Baumeister Viscardi: Hommage zum 300. Todestag

Mit der Reihe "Miscellanea Bavarica Monacensia" würdigt das Stadtarchiv das Werk von Baumeister Giovanni Antonio Viscardi.
Schwabing - Die Viscardigasse, im Volksmund "Drückebergergässchen" genannt, nutzten die Münchner während der NS-Zeit, um den obligatorischen Hitlergruß an der Feldherrnhalle zu umgehen. Giovanni Antonio Viscardi ist nicht nur ihr Namensgeber, sondern auch für zahlreiche Bauwerke in München verantwortlich.
Am 9. September jährt sich zum 300. Mal der Todestag des Baumeisters. Zu seinen Werken gehört die Dreifaltigkeitskirche an der heutigen Pacellistraße, die als richtungsweisend für den spätbarocken süddeutschen Kirchenbau gilt. Doch auch dank ihrer Ausstattung, zum Beispiel Fresken von Cosmas Damian Asam, ist sie ein besonderes historisches Schmuckstück der Stadt und gilt neben der Wallfahrtskirche Mariahilf in Freystadt als Hauptwerk Viscardis.
Die im Spätherbst als Band 186 der vom Stadtarchiv München herausgegebenen Reihe „Miscellanea Bavarica Monacensia“ erscheinende Dissertation von Katharina Schmidle ist diesen beiden Bauten Viscardis gewidmet. Ihre Veröffentlichung versteht sich daher auch als Hommage zum 300. Todestag des Baumeisters.
Giovanni Antonio Viscardi wurde am 27. Dezember 1645/47 in San Vittore bei Roveredo, im italienischsprachigen Teil Graubündens geboren - als Spross einer Baumeisterfamilie, in der er auch ausgebildet wurde. Im Jahr 1674 arbeitete Viscardi erstmals nördlich der Alpen - er war Polier unter Hofbaumeister Henrico Zuccali beim Bau der Wallfahrtskirche Altötting. 1678 erhielt Viscardi eine Anstellung am kurbayerischen Hof in München, wo er 1685 zum „Hofbaumeister“ aufstieg. Nur vier Jahre später wurde er - wohl wegen Intrigen bei Hof – von seinem Posten suspendiert.
Doch Viscardi konnte sich keineswegs über einen Mangel an Aufträgen beschweren. In den folgenden Jahren wurde der Baumeister für verschiedene Ordensgemeinschaften tätig. Als Werke in München und Umgebung sind zu erwähnen: der Bau neuer Klostergebäude für die Zisterzienserabtei Fürstenfeld, die Fertigstellung der Theatinerkirche St. Kajetan, die Planung und der Bau der Bürgersaalkirche, der Umbau der gotischen Heilig- Geist-Kirche in eine barocke Kirche oder der Bau der Dreifaltigkeitskirche.
Auch weltliche Auftraggeber beschäftigten ihn. Viscardi arbeitete an der Erweiterung von Schloss Nymphenburg zu einer großen Barockanlage.

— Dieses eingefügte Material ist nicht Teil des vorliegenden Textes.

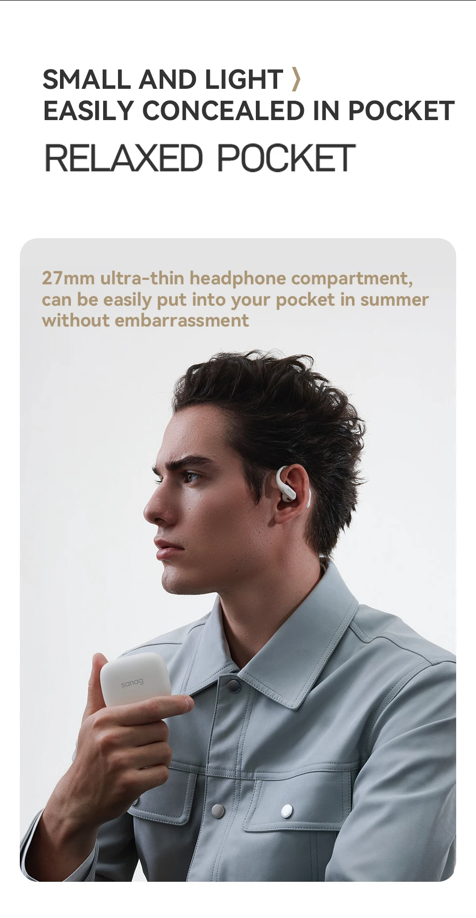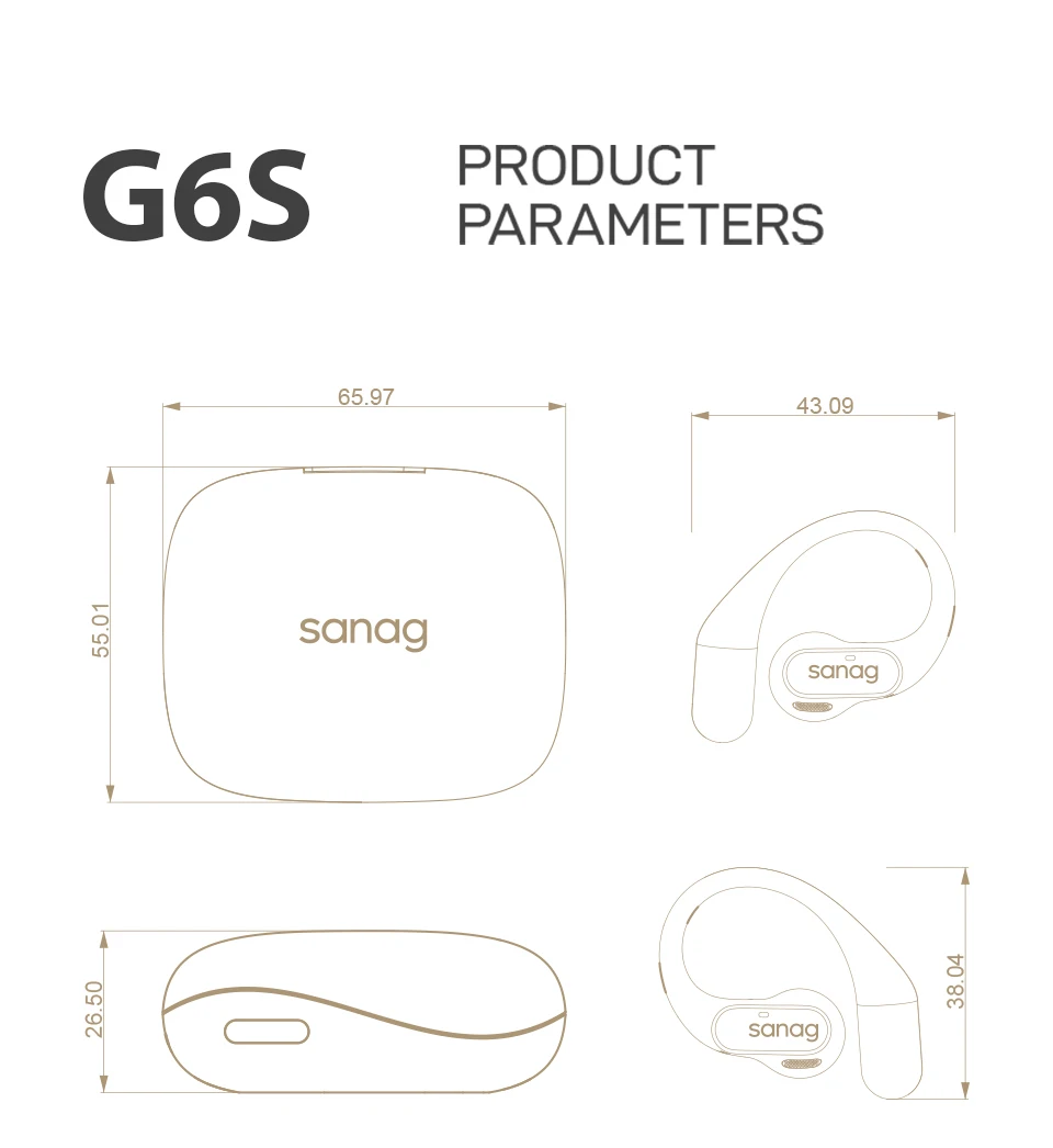 The Sanag G6S Open Ear Bluetooth Earphone features an ergonomic ear hook design, providing a comfortable and secure fit for sports and running. With HiFi sound quality and TWS technology, these wireless headphones are perfect for gaming and everyday use.

Gräfin Rivera-Preysing ließ ihn ein Stadthaus in München errichten, und für den Geheimen Rat von Joner wurde das Schlösschen Neuhofen in München-Sendling gebaut.
Überregional betreute Antonio Giovanni Viscardi, dessen Bauunternehmen zeitweise bis zu 150 Gesellen beschäftigte, um 1700 die Neubau-Projekte der Prämonstratenser in Neustift-Freising, des Zisterzienserklosters Fürstenfeld sowie den Bau der Wallfahrtskirche Mariahilf zu Freystadt in der Oberpfalz.
Nach der Entlassung Zuccallis wurde Viscardi ab 1702 neuerlich am bayerischen Hof angestellt. Er erhielt nun den Titel „Oberhofbaumeister“ und Rathaus Umschau Seite 6 wurde 1713 zum kaiserlichen „Hofober- und Landbaumeister“ ernannt. Die Tage des Architekten und Bauunternehmers waren allerdings gezählt; am 9. September 1713 verstarb er. Viscardi wurde auf dem Friedhof des 1802 säkularisierten Franziskanerklosters beigesetzt – etwa dort, wo sich heute der Max-Joseph-Platz und die Münchner Oper befinden.
Neben den genannten Werken erinnert in München seit 1931 die Viscardigasse hinter der Feldherrnhalle (von 1781 bis 1931 Graf-Preysing-Gasse) an den Barockbaumeister. Diese Gasse wurde während der NS-Zeit im Volksmund „Drückebergergässchen“ genannt, weil man durch ihre Benutzung die Entrichtung des obligatorischen Hitlergrußes vor dem „Mahnmal für die 16 Gefallenen des 9. November 1923“ in der Feldherrnhalle umgehen konnte.